Table notes: Sites are lettered according to Figure 1 (official WOAC designations in parentheses), with sampling locations, dates, and times. At sites C and E, oblique net tows were also analyzed (in addition to vertical tows for all). Chemical measurements included salinity, chlorophyll fluorescence, pH, temperature, and dissolved oxygen, with ranges (and means).

. Vertical zooplankton tows were analyzed at every site, and oblique tows were additionally assessed for sites C and E.

Morphological identifications of the zooplankton were conducted using traditional microscopy following [16,66,68,69,70,71,72,73]. First, rare, larger organisms (usually >1 cm) were removed from the entire sample for identification and measurement. When densities were very high, samples were first quantitatively split with a Folsom splitter (Wildco^®, Science First^®, Yulee, FL, USA). Two 1-mL aliquots were then extracted for analysis from the whole (or split) sample using a Hensen–Stempel pipette (Wildco^®, Science First^®, Yulee, FL, USA). Finally, a larger aliquot (>10 mL) was taken to quantify mid-sized taxa that had not adequately been subsampled with smaller aliquots. All heterotrophic organisms in the subsamples were enumerated, identified, and differentiated by life history stage when possible using morphological characteristics. A minimum of 400 individuals were identified morphologically from each sample, using taxonomic keys and methodology that are standard to the JEK lab [16,66,68,69,70,71,72,73,74,75,76]. All samples were taxonomically analyzed by two highly-trained taxonomists who have been working on Salish Sea zooplankton for more than a decade. The taxonomists regularly cross-verify species identification between each other, and with taxonomists from outside the laboratory as needed, to maintain consistent, high-quality identifications.

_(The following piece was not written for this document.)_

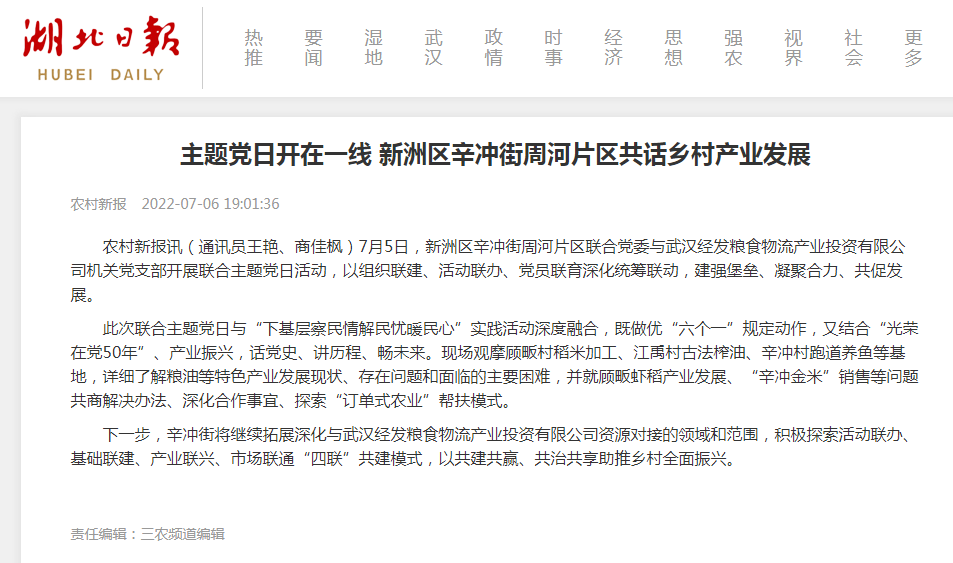 7月5日,新洲区辛冲街周河片区联合党委与武汉经发粮食物流产业投资有限公司机关党支部开展联合主题党日活动,以组织联建、活动联办、党员联育深化统筹联动,建强堡垒、凝聚合力、共促发展。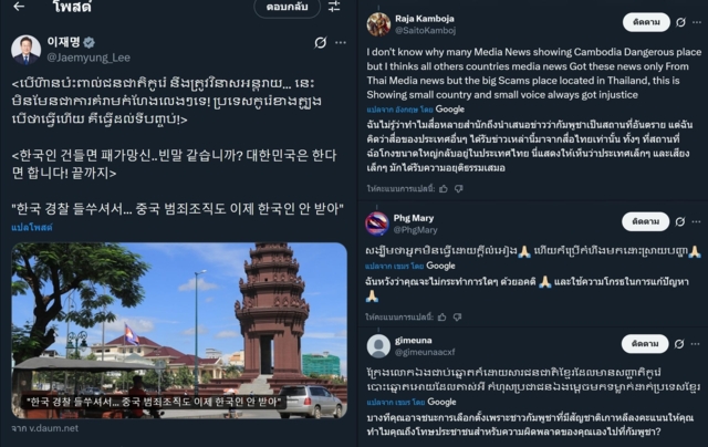 วันที่ 30 ม.ค. 69 เฟซบุ๊กเพจ “Army Military Force” โพสต์ข้อความระบุว่า เดือด! ประธานาธิบดีเกาหลีใต้ "อี แจ-มย็อง" โพสต์ข้อความเป็นภาษากัมพูชาบน X ส่วนตัวว่า "หาก (คนเขมร) กล้าทำร้ายชาวเกาหลีเมื่อไร พวกแกต้องชิบหายแน่นอน และนี่ไม่ใช่แค่คำขู่เล่นๆ หรือไร้สาระ! เกาหลีใต้ เอาจริง หากเราลงมือแล้ว เราจะทำให้ถึงสุดแน่นอน!"

Density (#m⁻³) was calculated from counts and the volume of water filtered. For small organisms, density was converted to carbon biomass using published values for average carbon per individual. For organisms that varied greatly in size within given life stages, up to 30 individuals were measured per stage and sampled to convert size to biomass using the length: carbon relationship [16,66]. Biomass was the primary morphological metric used for comparisons with the numbers (proportions) of sequence reads from metabarcoding; both numbers of individuals and biomass are reported here for morphology in our Figures and Supplementary Materials.

2.2. DNA Extraction, Library Preparation, and Metabarcoding

For large-volume plankton samples, we used a Folsom plankton splitter (cleaned with 10% bleach and rinsed with sterile ddH20 before and between samples) to quantitatively subsample a 5–10 mL volume, yielding unbiased subsamples in suspension [77], and ground them using a sterile mortar and pestle in sterile CTAB (hexadecyl trimethyl ammonium bromide) buffer (using UV light, laminar hoods, 10% bleach, sterile containers). Genomic DNA was extracted under the above sterile conditions using phenol-chloroform-isoamyl alcohol (following [78]). DNA quantity and quality were checked with 2% agarose mini-gels, a Nanodrop^® spectrophotometer (Thermo Fisher Scientific, Waltham, MA, USA), and a Qubit^® fluorometer (Thermo Fisher Scientific). Products were cleaned using Qiagen DNeasy PowerClean Pro kits (Qiagen^®, Germantown, MD, USDA)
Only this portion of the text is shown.